With the pictures left out, retype exactly the lines below starting at the line that contains "Shanghai's Smurfs-themed park, the" and ending at the line that contains "クラシカルな甘さを纏うレースビッグカラーペプラムブラウス こなれ感 レース".

**DATA**
# # #

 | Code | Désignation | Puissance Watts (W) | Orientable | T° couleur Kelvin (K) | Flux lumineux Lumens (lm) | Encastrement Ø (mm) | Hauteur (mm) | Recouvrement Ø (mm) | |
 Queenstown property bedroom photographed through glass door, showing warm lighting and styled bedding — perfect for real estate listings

# # #

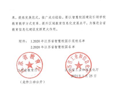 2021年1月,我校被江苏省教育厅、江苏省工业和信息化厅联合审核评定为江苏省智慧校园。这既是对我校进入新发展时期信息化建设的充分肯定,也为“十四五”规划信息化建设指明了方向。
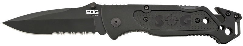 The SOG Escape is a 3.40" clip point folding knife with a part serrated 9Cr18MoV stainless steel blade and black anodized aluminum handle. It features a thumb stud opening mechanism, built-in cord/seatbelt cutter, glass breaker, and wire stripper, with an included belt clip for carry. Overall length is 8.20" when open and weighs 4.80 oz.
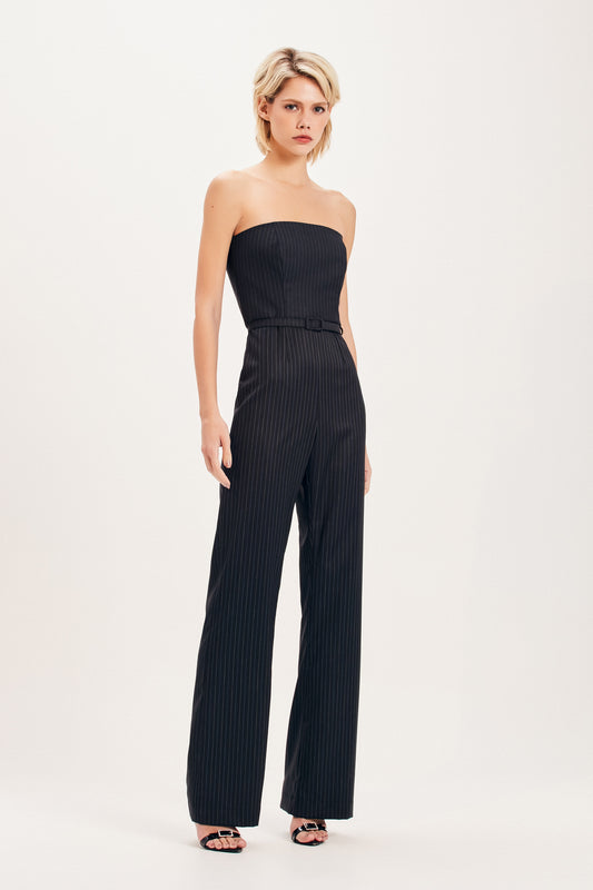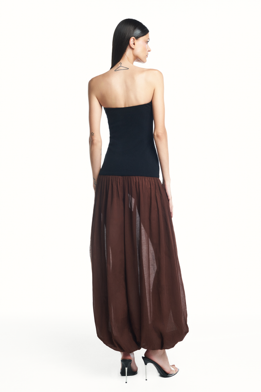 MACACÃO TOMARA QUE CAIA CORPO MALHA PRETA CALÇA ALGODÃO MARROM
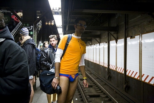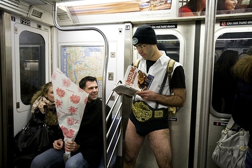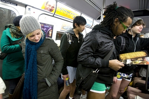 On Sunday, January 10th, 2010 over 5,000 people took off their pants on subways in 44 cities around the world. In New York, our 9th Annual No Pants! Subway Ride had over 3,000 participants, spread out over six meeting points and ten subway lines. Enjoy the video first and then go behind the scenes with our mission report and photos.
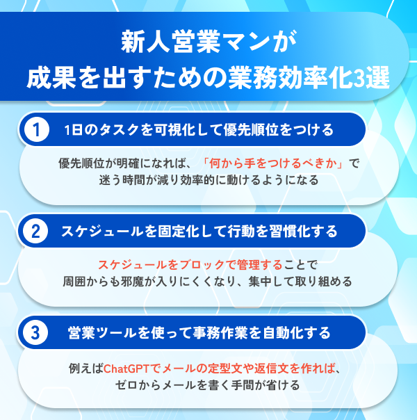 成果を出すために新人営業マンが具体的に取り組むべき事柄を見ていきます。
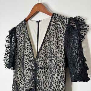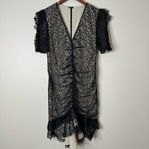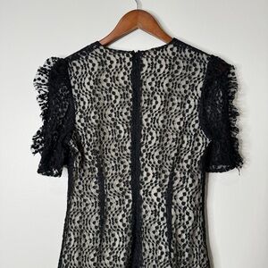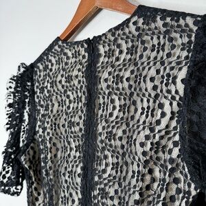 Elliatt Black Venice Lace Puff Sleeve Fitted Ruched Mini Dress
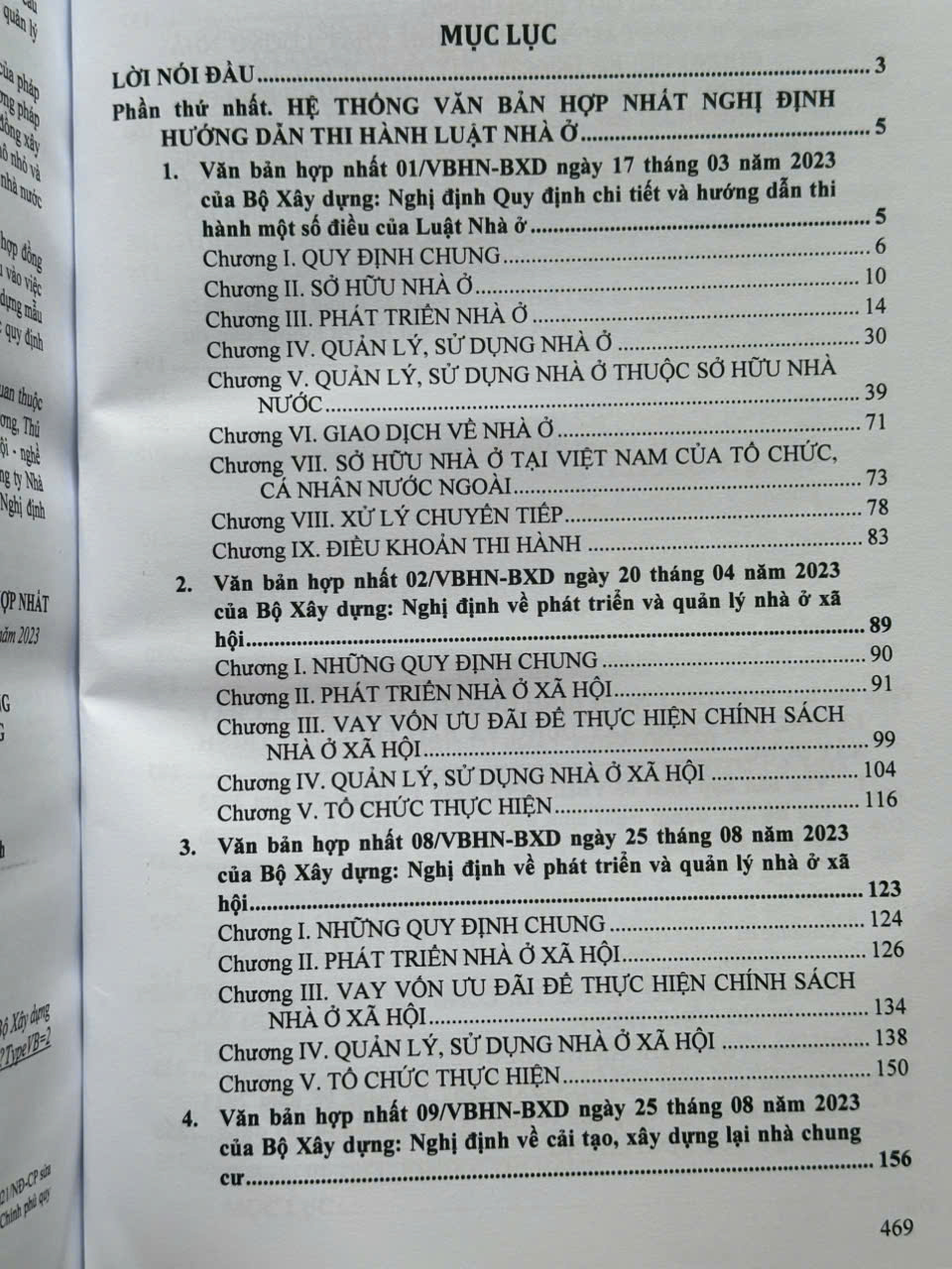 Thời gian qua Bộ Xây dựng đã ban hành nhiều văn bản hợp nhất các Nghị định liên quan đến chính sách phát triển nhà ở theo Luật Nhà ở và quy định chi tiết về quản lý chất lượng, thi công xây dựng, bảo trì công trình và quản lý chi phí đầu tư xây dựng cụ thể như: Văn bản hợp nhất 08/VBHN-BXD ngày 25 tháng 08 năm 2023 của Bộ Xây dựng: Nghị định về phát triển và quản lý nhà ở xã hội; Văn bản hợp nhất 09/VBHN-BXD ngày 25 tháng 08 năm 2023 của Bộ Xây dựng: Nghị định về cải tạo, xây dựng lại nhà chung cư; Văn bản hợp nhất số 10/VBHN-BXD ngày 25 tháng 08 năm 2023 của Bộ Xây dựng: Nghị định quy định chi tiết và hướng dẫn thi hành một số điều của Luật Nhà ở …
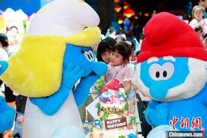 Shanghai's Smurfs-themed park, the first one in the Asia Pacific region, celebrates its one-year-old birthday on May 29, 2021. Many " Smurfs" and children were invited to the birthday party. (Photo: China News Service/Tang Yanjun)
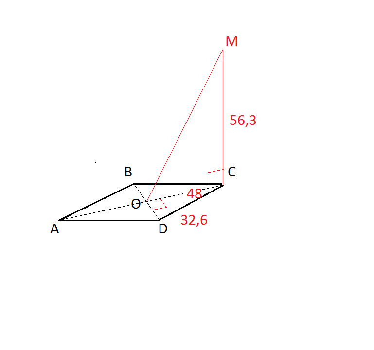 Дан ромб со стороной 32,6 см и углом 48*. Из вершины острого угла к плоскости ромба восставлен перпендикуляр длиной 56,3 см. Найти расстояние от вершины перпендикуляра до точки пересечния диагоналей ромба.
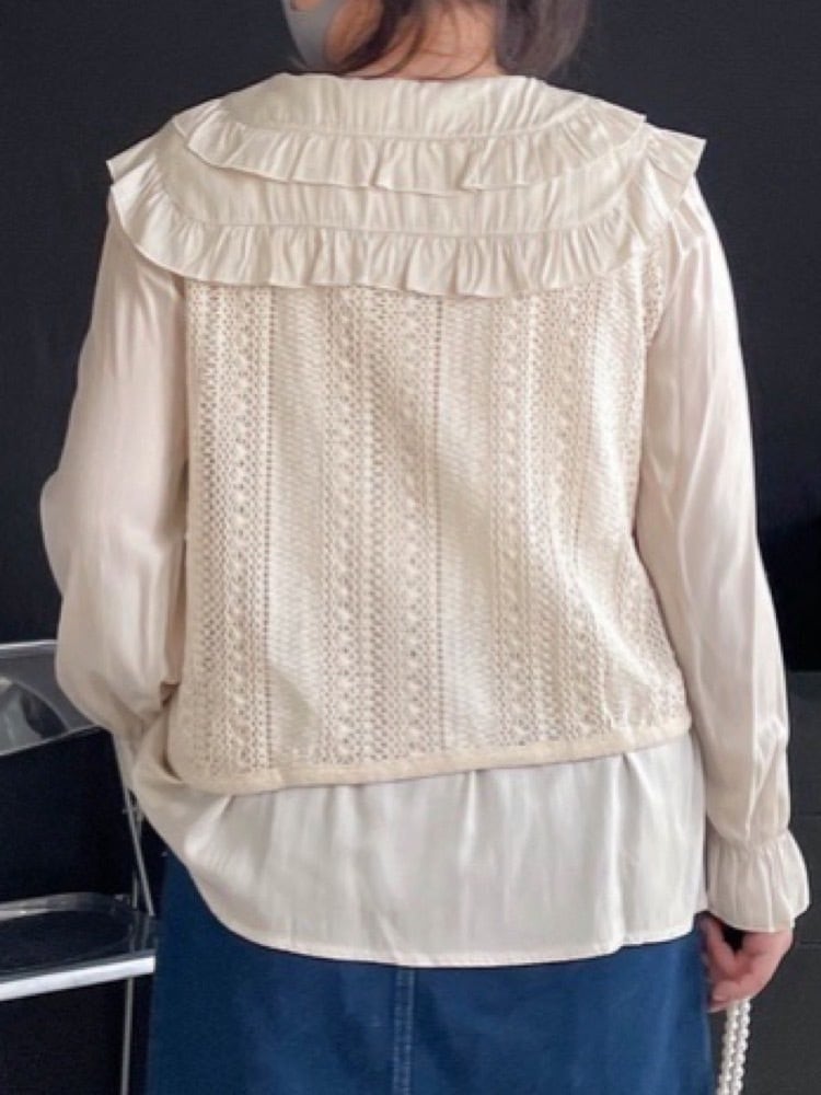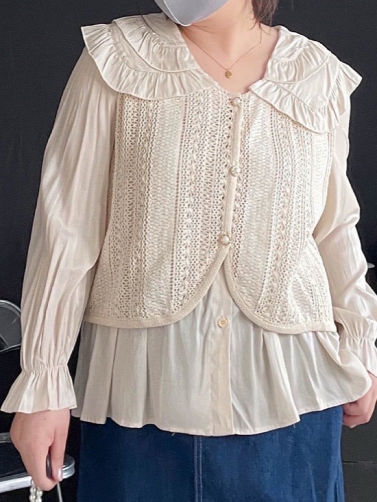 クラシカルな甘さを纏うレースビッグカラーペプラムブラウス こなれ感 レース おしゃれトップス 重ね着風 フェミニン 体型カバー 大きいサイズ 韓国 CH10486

# # #

**OUTPUT BELOW**
 Shanghai's Smurfs-themed park, the first one in the Asia Pacific region, celebrates its one-year-old birthday on May 29, 2021. Many " Smurfs" and children were invited to the birthday party. (Photo: China News Service/Tang Yanjun)
 Дан ромб со стороной 32,6 см и углом 48*. Из вершины острого угла к плоскости ромба восставлен перпендикуляр длиной 56,3 см. Найти расстояние от вершины перпендикуляра до точки пересечния диагоналей ромба.
 クラシカルな甘さを纏うレースビッグカラーペプラムブラウス こなれ感 レース おしゃれトップス 重ね着風 フェミニン 体型カバー 大きいサイズ 韓国 CH10486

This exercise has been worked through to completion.